Laut Auskunft der EU-Kommission am Montag in Brüssel bereitet Juncker eine Antwort „auf gleichem Level“ (soll heißen: auch einen Brief) vor. Wann der Brief abgeschickt wird, weiß die Kommission noch nicht.
Wie der KURIER erfuhr, könnte es vor dem Brief noch ein Treffen zwischen Kern und Juncker geben. Auf der Tagung der Europäischen Volkspartei (EVP) in Malta letzte Woche wurde kolportiert, Juncker habe Kern vom Briefschreiben abhalten wollen, um zu vermeiden, dass die EU-Kommission dem österreichischen Kanzler eine offizielle, briefliche Absage erteilen muss. Kern habe dennoch den Brief geschrieben. Das Kanzleramt bestätigt diesen angeblichen „Wink“ Junckers nicht.

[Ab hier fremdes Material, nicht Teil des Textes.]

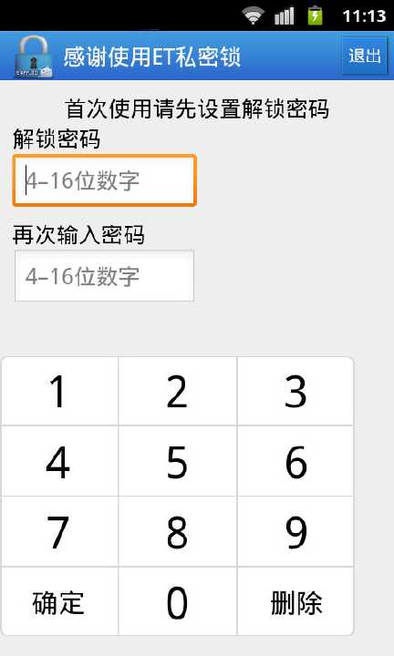 2)拨号键盘输入:数字密码→#→拨出,进入ET私密锁主界面。

Inhaltlich zeichnet sich eine Abfuhr für das Kanzler-Anliegen ab. Am Montag lautete die Stellungnahme der EU-Kommission, „alle Mitgliedsstaaten müssen sich an Vereinbartes halten und ihre politische, moralische und rechtliche Pflicht erfüllen.“
Das ist im übrigen genau jene Wortwahl, die auch der EU-Kommissar für Migration, Dimitris Avramopoulos, auf dem EVP-Kongress in Malta verwendete. Avramopoulos machte kein Hehl daraus, dass Österreich sich an das Relocation-Programm halten müsse.
Demnach hat sich Österreich verpflichtet, bis September 2017 1953 Flüchtlinge aufzunehmen, bis jetzt haben wir keinen einzigen genommen. Der Streit entzündete sich, als Innenminister Wolfgang Sobotka Italien zusagte, 50 minderjährige Flüchtlinge zu nehmen. Die SPÖ legte sich quer, der Kanzler schrieb besagten Brief.